Anya leaned forward, examining the terminal. "This is a custom OS," she muttered, more to herself than to me. "It's not connected to the main system network. It's completely isolated. That's why the system couldn't just wipe it." She picked up one of the hacking tools from the workbench. "Let me see if I can bypass it."
She worked for several minutes, trying to use Caden's own tools to break into his machine. But it was no use. The encryption was too strong. It was not a standard system lock. It was something Caden had built himself. A personal vault.
"I can't get in," she said, frustrated. "The encryption is tied directly to the password. There's no back door. We have to guess it. It has to be something important to him. Something personal."
I stood behind her, thinking. What would a man like Caden use as his password? A man who hated this world, who was trying to escape, who was estranged from his family.
I suggested the first things that came to mind. "Try 'Ouroboros'," I said. Anya typed it. [ACCESS DENIED].
"Try 'Freedom'." [ACCESS DENIED].
"Try 'Escape'." [ACCESS DENIED].
"Viper?" [ACCESS DENIED].
We were getting nowhere. I felt a sense of despair creeping in. We had come all this way, only to be stopped by a single word we could not guess.
Then, my eyes fell on the digital photo frame again as it cycled to a new image of a peaceful beach. A memory. It reminded me of the other photograph. The one that was still bound to my inventory. The one I had taken from the pack leader in the Dustgate match. No, that was not right. The first man was a nobody. The pack leader... the one from the fight in the courtyard... he was Caden. I had gotten it mixed up in the chaos.
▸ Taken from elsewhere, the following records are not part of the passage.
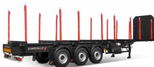
Rönkszállító járművek faipar

nek, tudásának és szakértelmének az eredménye - ezáltal tudunk minden szállítási ágazatnak személyre szabott megoldást kínálni. Minden Schwarz Müller jármű a kompromisszumok nélküli prémium minőség megtestesítője, ami a napi használatban nagyon komoly hozzáadott értéket képvisel.
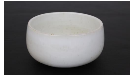
KO IV B25
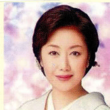
伍代夏子 (ソニーミュージック歌手)
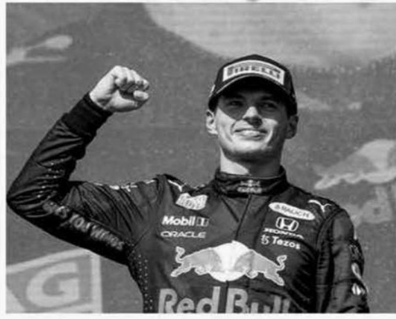
1، ما جعله يواصل تحقيق الأرقام القياسية في هذه الرياضة. وحقق الهولندي ماكس فيرستابن سائق فريق ريد بول المركز الأول في سباق جائزة البرازيل الكبرى، فيما جاء

لاندو نوريس سائق فريق ماكلارين ثانيا، في حين استطاع الإسباني المخضرم فرناندو ألونسو سائق فريق أستون مارتن تحقيق المركز الثالث، والصعود للمرتبة الثامنة إلى منصة التتويج في عام 2023. وشهدت سيارة شارل لوكليوك سائق فريق فيراري في لفة التحمية خلال سباق الجائزة الكبرى في البرازيل، وكان الجناح الأمامي قد كسر بالفعل، ما جعل السائق يبلغ فريقه بأنه خسر نظام الهيدروليك في سيارته. وكان فيرستابن، قد حاز مركزه الأول في الترتيب العام بالحصول على نقاط سباق "سبرينت" الذي أقيم السبت، فرغم أنه لم يتطرق من المركز الأول، بل من خلف لاندو نوريس من فريق ماكلارين، فإن الهولندي تجاوزه في أول منعرج وسيطر على السباق ولم يترك لمنافسيه أي فرصة لمحاولة العودة. وتقدم فيرستابن على لاندو نوريس الذي حل ثانيا، في وقت صاد فيه المركز الثالث إلى المكسيكي سيرجيو بيريز. ويسيطر السائق الهولندي على بطولة العالم التي حسمها منذ جولة قطر على حلبة لوسيل، وقد حقق هذا الموسم 17 انتصارا، وهو رقم قياسي عالمي بعد أن كان الرقم السابق ملكه أيضا، إلا أن فيرستابن يريد دعم هذا الرقم ليتفادى تحطيمه في الموسم القريب القادمة. ويضمن البقاء في سجل بطولة العالم سنوات إضافية.
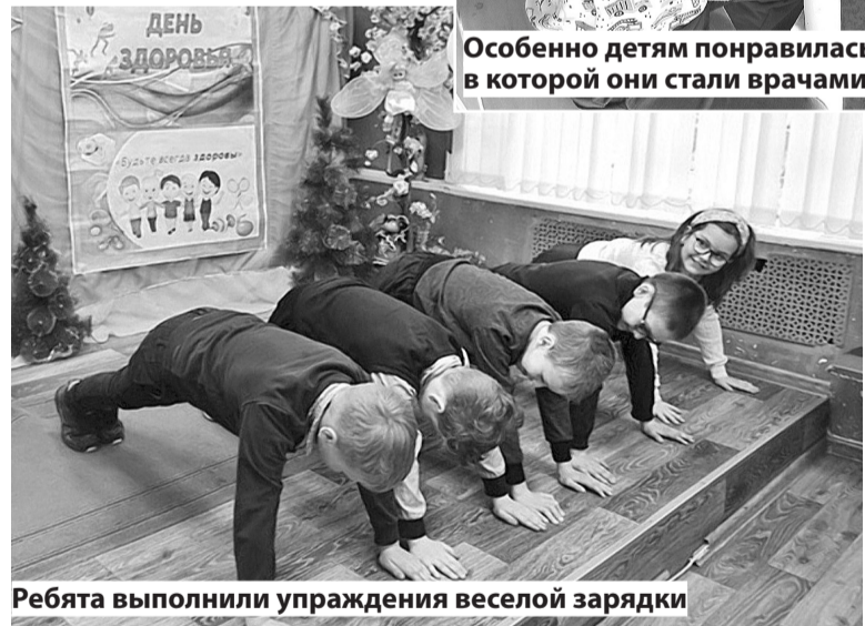
Ребята выполнили упражнения веселой зарядки
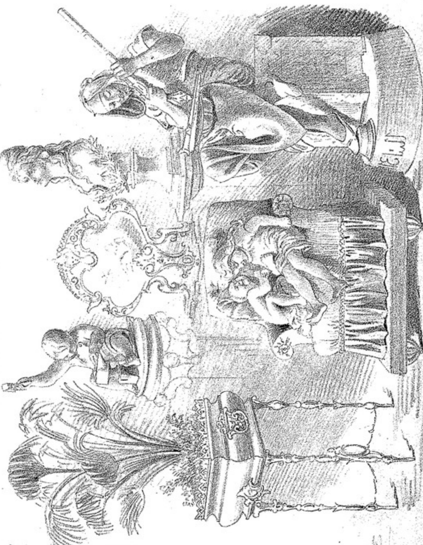
Recomendamos a nuestros lectores el magnifico surtido de objetos de arte, bronce, terracotas, muebles, objetos de fantasía, etc., puesto en exposicion por la casa LACOSTE, PERU y sobrinos sus deheros hermanos Buisser.
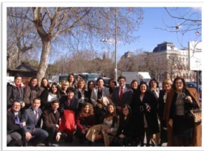
Grupo de la UPO que asistió a la audiencia

Fue un día muy especial para todos los miembros de la Oficina de Voluntariado y las personas voluntarias, ya que la visita a la zarzuela supuso un reconocimiento por parte de la Casa Real a la labor que cientos de voluntarios realizan cada año.
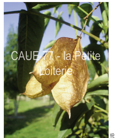
Capsules vésiculeuses à 2 ou 3 lobes

Staphylea : du grec staphulé, grappe (pour ses inflorescences) colchica : de Colchide (sud du Caucase)
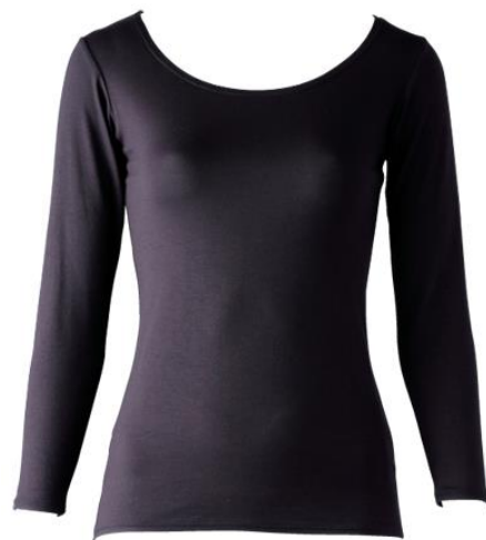
クルーネック 9 分袖
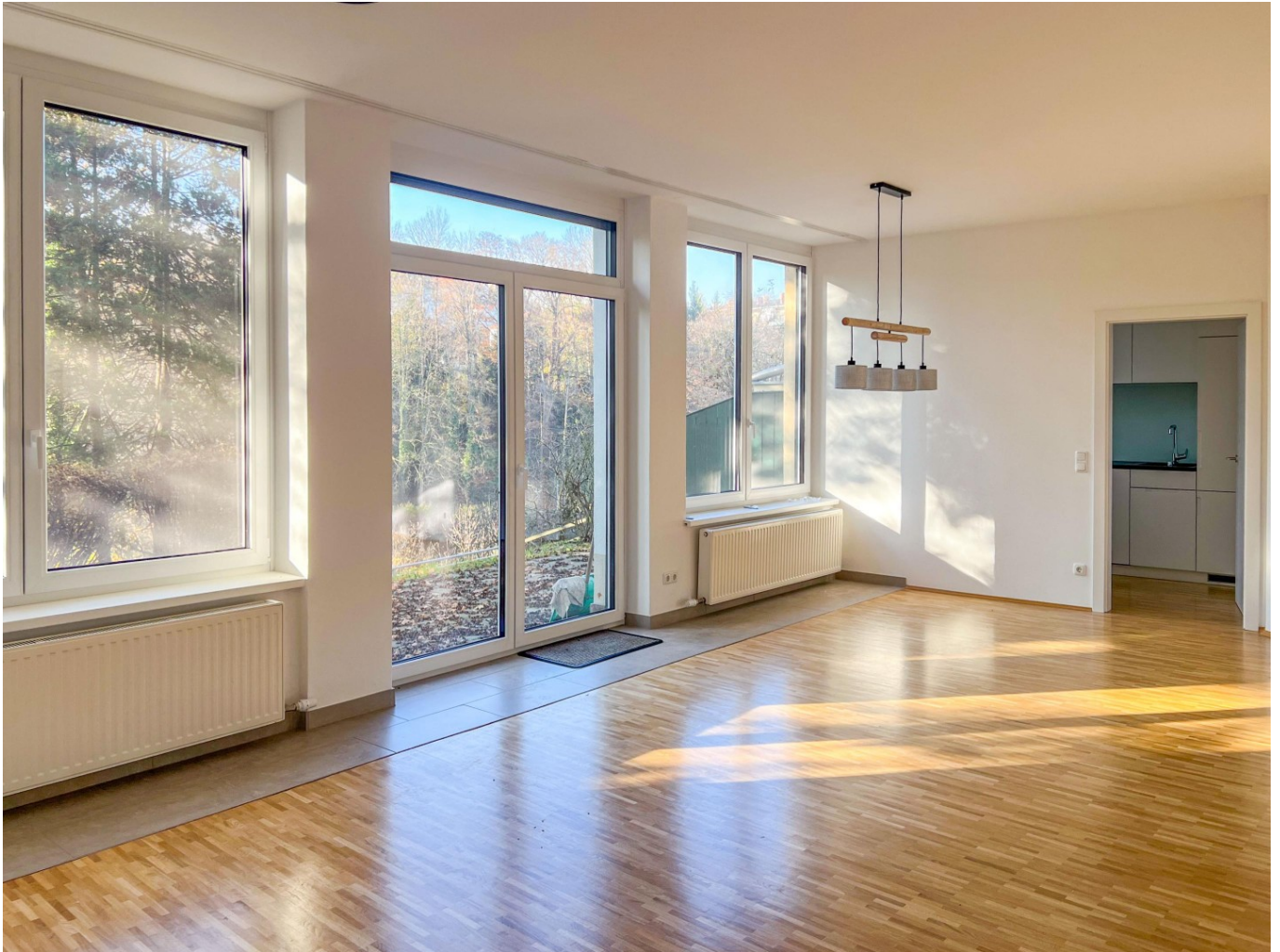
Wohn-Essbereich mit Terrassenausgang
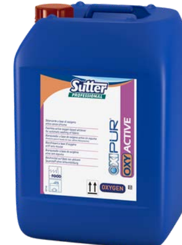
OXI ACTIVE Професійний кисневий відбілювач
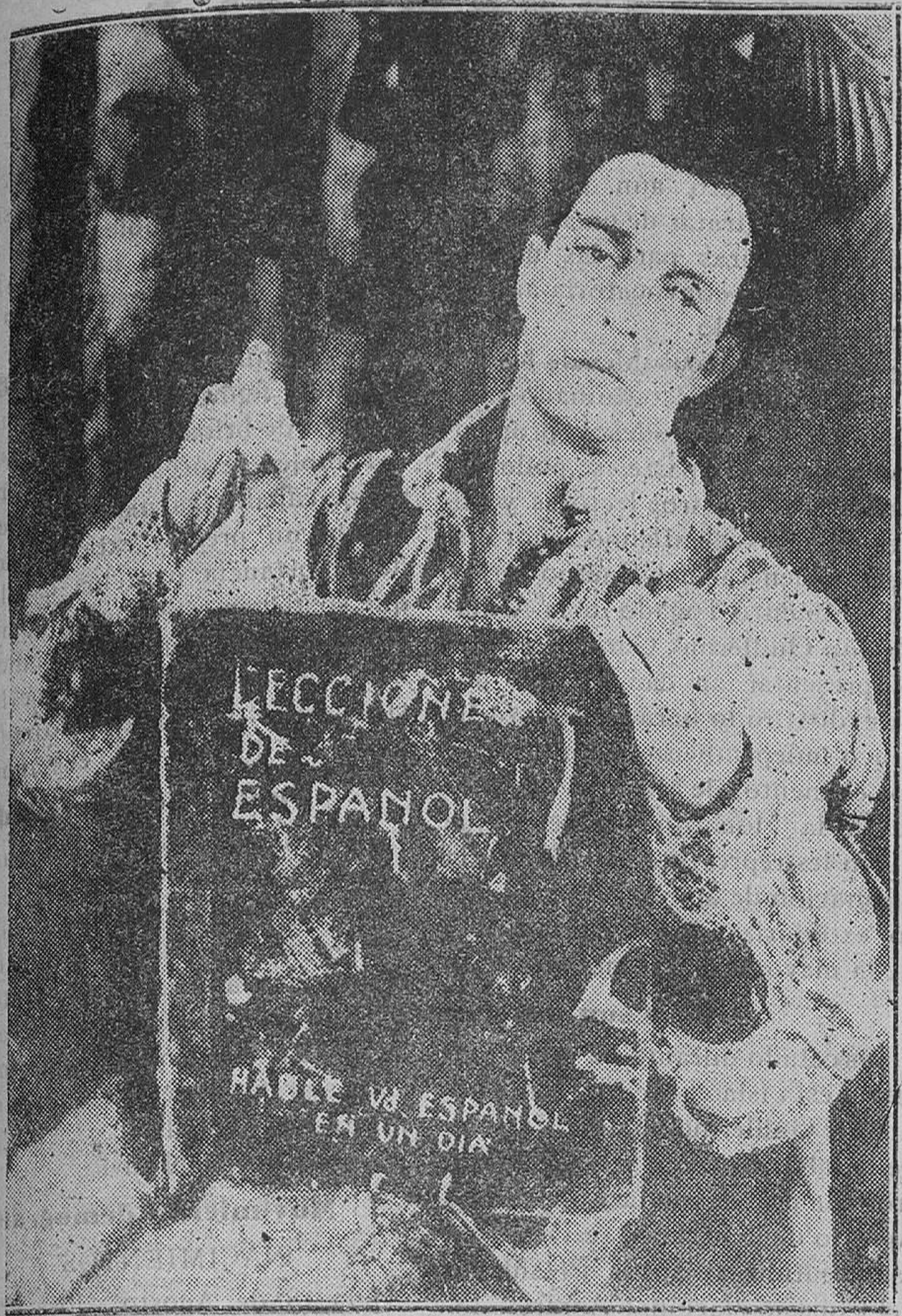
MADRID.—El famoso artista de cinematógrafo Bustos Keaton. (Pamplinas), que está en España y que llegó a Madrid de paso para Barcelona.—En esta foto se le ve luchando porque no puede aprender español rápidamente

Las huelgas que estos días se desarrollan en el Norte de Francia no tienen solamente interés local o nacional. Lo tienen internacional. El movimiento huelguista de la vecina república es para nuestros industriales y gobernantes una lección de cosas, que en más reducido círculo se ha dado también en España. Y es fácil se vuelva a dar, si un día se trata entre nosotros la implantación de ciertos seguros, como los que se implantan en Francia.

I focused my thoughts, accessing the item in my inventory. The system projected a holographic image of the photograph into the air in front of us. There was Caden, smiling, looking younger and happier. And there was a woman, and a small child on his shoulders. His family. The family he had left behind.
Anya looked at the hologram. "That's the man from the courtyard match," she said. "Viper's brother."
My eyes scanned the photo, looking for any clue. A word on a shirt. A sign in the background. Anything. And then I saw it. The little girl on his shoulders was wearing a small, silver charm bracelet. The light caught it just right. I could make out the letters engraved on it. A name.
"Anya," I said, my voice barely a whisper. My heart was pounding. "It's not about him. It's not about this world. It's about what he was trying to get back to."
I leaned over her shoulder and typed the name into the password field. Four simple letters.
LILY
The screen flashed a bright green.
[PASSWORD ACCEPTED]
The terminal unlocked.
The screen filled with icons. Dozens of files, most of them with complex, encrypted names. But one folder, right in the center of the screen, was already open. It was labeled in plain, simple text.
[PERSONAL LOGS]
My hand was shaking as I reached out and used the terminal's touch interface. I clicked on the first file, an audio log dated several months ago.
A man's voice filled the silent room. It was Caden's voice. Tired, stressed, but clear and determined.
"Log entry 34," the voice said. "My brother thinks I'm a fool. He thinks power is the only thing that matters in this world. But he's wrong. I've found it. A flaw in the system's core architecture. A vulnerability in the code that governs our reality. It's not a perfect prison. There are seams. There are backdoors."
He paused, and his voice filled with a desperate, burning hope that sent a shiver down my spine.
"I think... I think I've found a way out."